:: STORED DATA ::
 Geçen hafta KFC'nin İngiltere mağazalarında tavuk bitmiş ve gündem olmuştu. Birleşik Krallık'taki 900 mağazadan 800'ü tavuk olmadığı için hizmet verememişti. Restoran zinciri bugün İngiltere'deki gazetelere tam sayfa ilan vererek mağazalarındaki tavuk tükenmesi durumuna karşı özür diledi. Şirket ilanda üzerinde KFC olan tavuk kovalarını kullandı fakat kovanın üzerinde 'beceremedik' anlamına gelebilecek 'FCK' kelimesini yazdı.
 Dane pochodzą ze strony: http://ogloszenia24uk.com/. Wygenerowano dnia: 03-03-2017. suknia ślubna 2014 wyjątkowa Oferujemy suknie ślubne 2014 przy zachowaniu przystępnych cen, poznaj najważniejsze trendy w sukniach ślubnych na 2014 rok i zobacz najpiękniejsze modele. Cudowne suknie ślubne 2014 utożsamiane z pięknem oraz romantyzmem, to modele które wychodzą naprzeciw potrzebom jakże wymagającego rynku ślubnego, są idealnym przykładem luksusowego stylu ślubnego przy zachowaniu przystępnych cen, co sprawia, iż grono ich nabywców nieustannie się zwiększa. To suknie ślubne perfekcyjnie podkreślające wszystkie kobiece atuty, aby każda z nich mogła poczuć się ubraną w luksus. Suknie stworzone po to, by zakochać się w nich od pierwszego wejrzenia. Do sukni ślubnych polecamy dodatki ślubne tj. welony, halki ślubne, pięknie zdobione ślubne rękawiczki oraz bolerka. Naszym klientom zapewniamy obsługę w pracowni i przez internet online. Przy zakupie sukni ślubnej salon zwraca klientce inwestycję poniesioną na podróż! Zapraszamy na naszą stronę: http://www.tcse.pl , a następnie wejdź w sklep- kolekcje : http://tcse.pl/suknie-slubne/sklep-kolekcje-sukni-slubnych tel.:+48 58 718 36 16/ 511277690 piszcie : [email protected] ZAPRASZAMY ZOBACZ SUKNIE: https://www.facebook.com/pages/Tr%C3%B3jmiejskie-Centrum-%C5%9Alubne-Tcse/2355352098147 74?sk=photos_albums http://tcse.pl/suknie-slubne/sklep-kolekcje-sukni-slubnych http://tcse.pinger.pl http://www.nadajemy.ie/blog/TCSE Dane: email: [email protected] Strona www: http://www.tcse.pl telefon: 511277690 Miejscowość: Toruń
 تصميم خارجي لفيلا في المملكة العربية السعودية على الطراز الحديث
:::
» **ABOUT THIS TASK**:
In the answer, every line above should be retyped exactly.

» **ANSWER BOX**:
 Geçen hafta KFC'nin İngiltere mağazalarında tavuk bitmiş ve gündem olmuştu. Birleşik Krallık'taki 900 mağazadan 800'ü tavuk olmadığı için hizmet verememişti. Restoran zinciri bugün İngiltere'deki gazetelere tam sayfa ilan vererek mağazalarındaki tavuk tükenmesi durumuna karşı özür diledi. Şirket ilanda üzerinde KFC olan tavuk kovalarını kullandı fakat kovanın üzerinde 'beceremedik' anlamına gelebilecek 'FCK' kelimesini yazdı.
 Dane pochodzą ze strony: http://ogloszenia24uk.com/. Wygenerowano dnia: 03-03-2017. suknia ślubna 2014 wyjątkowa Oferujemy suknie ślubne 2014 przy zachowaniu przystępnych cen, poznaj najważniejsze trendy w sukniach ślubnych na 2014 rok i zobacz najpiękniejsze modele. Cudowne suknie ślubne 2014 utożsamiane z pięknem oraz romantyzmem, to modele które wychodzą naprzeciw potrzebom jakże wymagającego rynku ślubnego, są idealnym przykładem luksusowego stylu ślubnego przy zachowaniu przystępnych cen, co sprawia, iż grono ich nabywców nieustannie się zwiększa. To suknie ślubne perfekcyjnie podkreślające wszystkie kobiece atuty, aby każda z nich mogła poczuć się ubraną w luksus. Suknie stworzone po to, by zakochać się w nich od pierwszego wejrzenia. Do sukni ślubnych polecamy dodatki ślubne tj. welony, halki ślubne, pięknie zdobione ślubne rękawiczki oraz bolerka. Naszym klientom zapewniamy obsługę w pracowni i przez internet online. Przy zakupie sukni ślubnej salon zwraca klientce inwestycję poniesioną na podróż! Zapraszamy na naszą stronę: http://www.tcse.pl , a następnie wejdź w sklep- kolekcje : http://tcse.pl/suknie-slubne/sklep-kolekcje-sukni-slubnych tel.:+48 58 718 36 16/ 511277690 piszcie : [email protected] ZAPRASZAMY ZOBACZ SUKNIE: https://www.facebook.com/pages/Tr%C3%B3jmiejskie-Centrum-%C5%9Alubne-Tcse/2355352098147 74?sk=photos_albums http://tcse.pl/suknie-slubne/sklep-kolekcje-sukni-slubnych http://tcse.pinger.pl http://www.nadajemy.ie/blog/TCSE Dane: email: [email protected] Strona www: http://www.tcse.pl telefon: 511277690 Miejscowość: Toruń
 تصميم خارجي لفيلا في المملكة العربية السعودية على الطراز الحديث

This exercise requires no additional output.